Welcome to professional boxing’s new global reality, in which these United States are becoming a nice place for the sport’s bigger names to visit, but less frequently is their country of origin.
Nonetheless, the arena will be filled to capacity and, if projections are met, this 12-round pairing of Pacquiao (48-3-2, 36 KOs), a Filipino, and Hatton (45-1, 32 KOs), an Englishman, will hit the one million-buy mark in the United States. That surely would qualify as a grand slam in a post-Oscar De La Hoya landscape in which the international economy is something less than robust.

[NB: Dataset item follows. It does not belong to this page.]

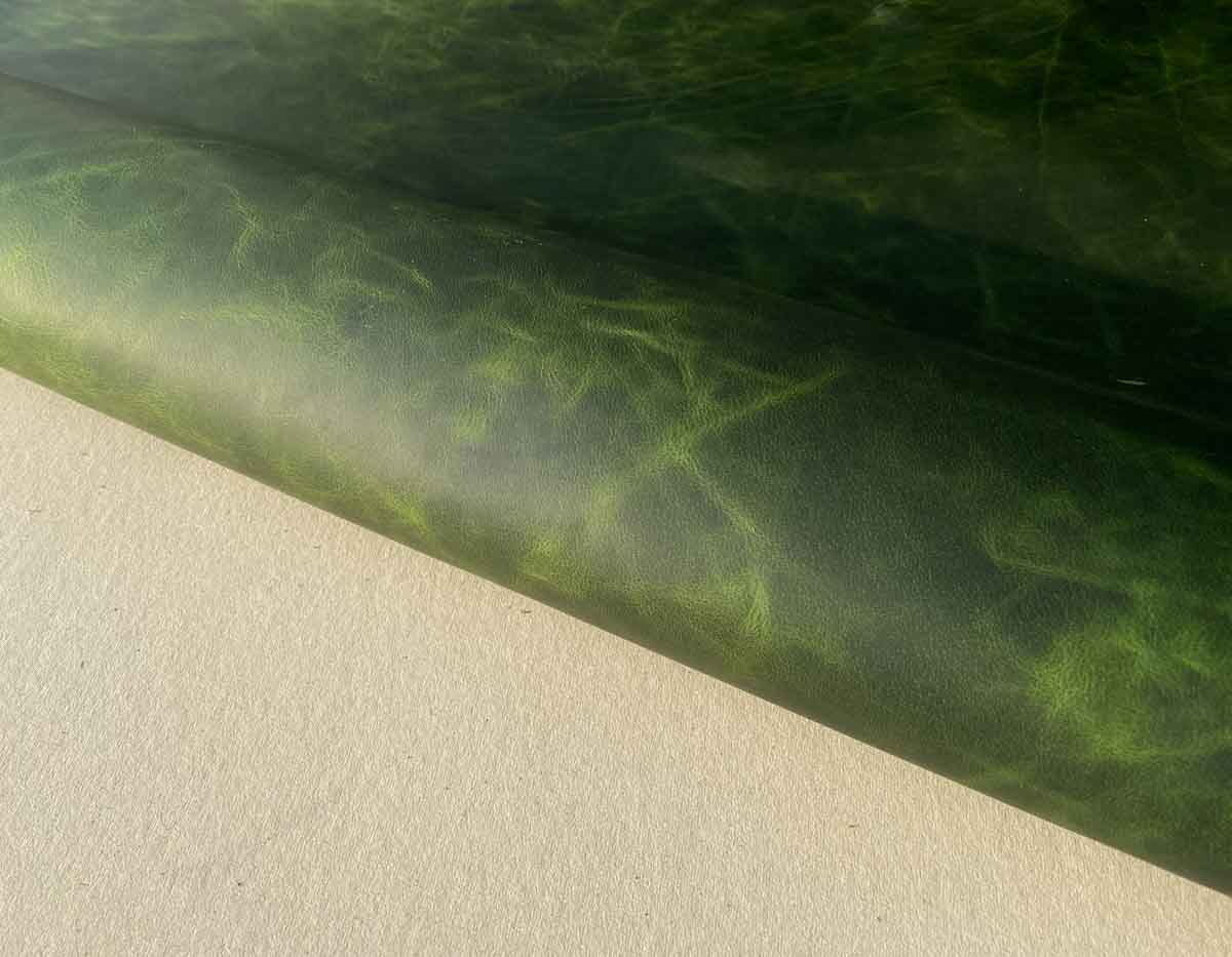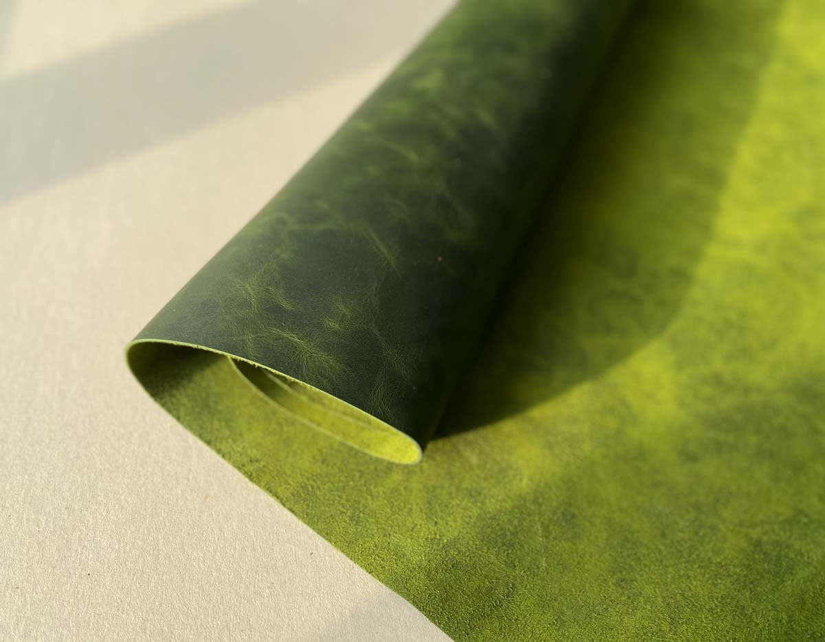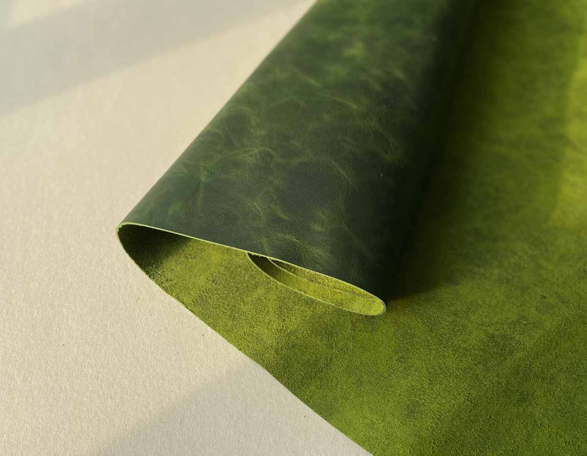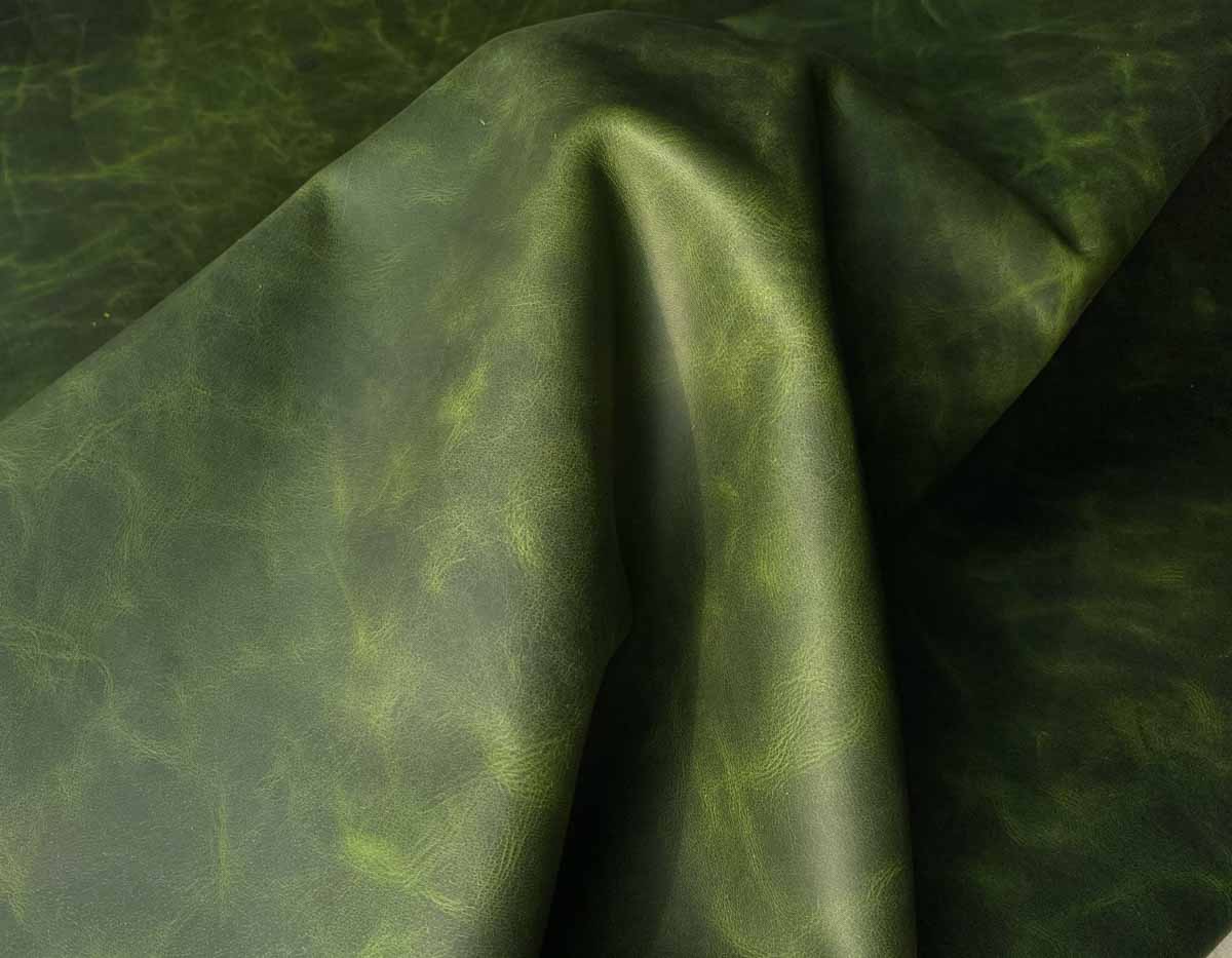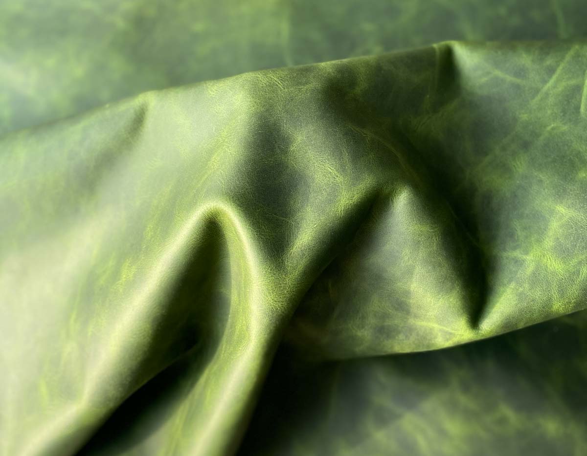 Натуральная кожа смешанного дубления с эффектом пулл-ап, высветляется на изгибах.

De La Hoya’s recent retirement as an active boxer was not unexpected, given the diminishing returns of his career in recent years. But even in decline he was truly the "Golden Boy," with his every PPV appearance a veritable license to print money. De La Hoya’s May 5, 2007, bout with Floyd Mayweather Jr., which Mayweather won by split decision, is No. 1 all-time with 2.4 million buys.
"He was the ATM of boxing," boxing historian Bert Randolph Sugar said of De La Hoya, noting that the East Los Angeles native’s likely final bout, an eight-round beatdown by Pacquiao on Dec. 6, did a very healthy 1.25 million buys even though the now-36-year-old Oscar had lost three of his previous six fights.
Hatton probably is best known on these shores for his only defeat, by 10th-round technical knockout to Mayweather on Dec. 8, 2007, but he is, like Pacquiao, an action fighter who delivers lots of bang for the buck, or the pound sterling. Few British fighters ever have been as popular in the UK as is Hatton, and his willingness to cross the pond signals his eagerness to expand his base.
"I was supposed to be this overhyped, overprotected guy who only wanted to stay in Manchester (England)," Hatton said. "It would have been very easy to stay in the safety zone of my hometown. Everyone should come to you when you’re No. 1 in your division, but I wanted to prove to critics I didn’t need to stay in my comfort zone."
Whoever wins this war of willing 140-pounders — "Manny goes for the knockout; I go for the knockout," Hatton pronounced — will emerge as an even more appealing global attraction, which is good and even necessary given the dearth of American fighters who can make even a semi-valid case for superstardom.
It isn’t just the heavyweight division, the upper tier of which is dominated by Eastern Europeans. Take De La Hoya out of the mix and boxing’s immediate future largely is in the clenched fists of foreign guys like Pacquiao, Hatton and the Ukraine’s Klitschko brothers, Wladimir and Vitali, who need to have their passports stamped to ply their trade in a nation whose pugilistic affections for the most part are usually reserved for native sons.
With a live gate of $9 million already assured, and a relatively reasonable PPV price of $49.95 (down from a $54.95 sticker price for De La Hoya-Pacquiao), it wouldn’t be a shock for Pacquiao-Hatton to crack the increasingly exclusive seven-figure buy club. My guess is that it surpasses the 915,000 buys for Mayweather-Hatton and falls short of Oscar-Manny.
But if the licks are traded hard and fast, as I expect they will be, American fans without Old Glory to wave will come back for more because an adopted hero is better than none at all.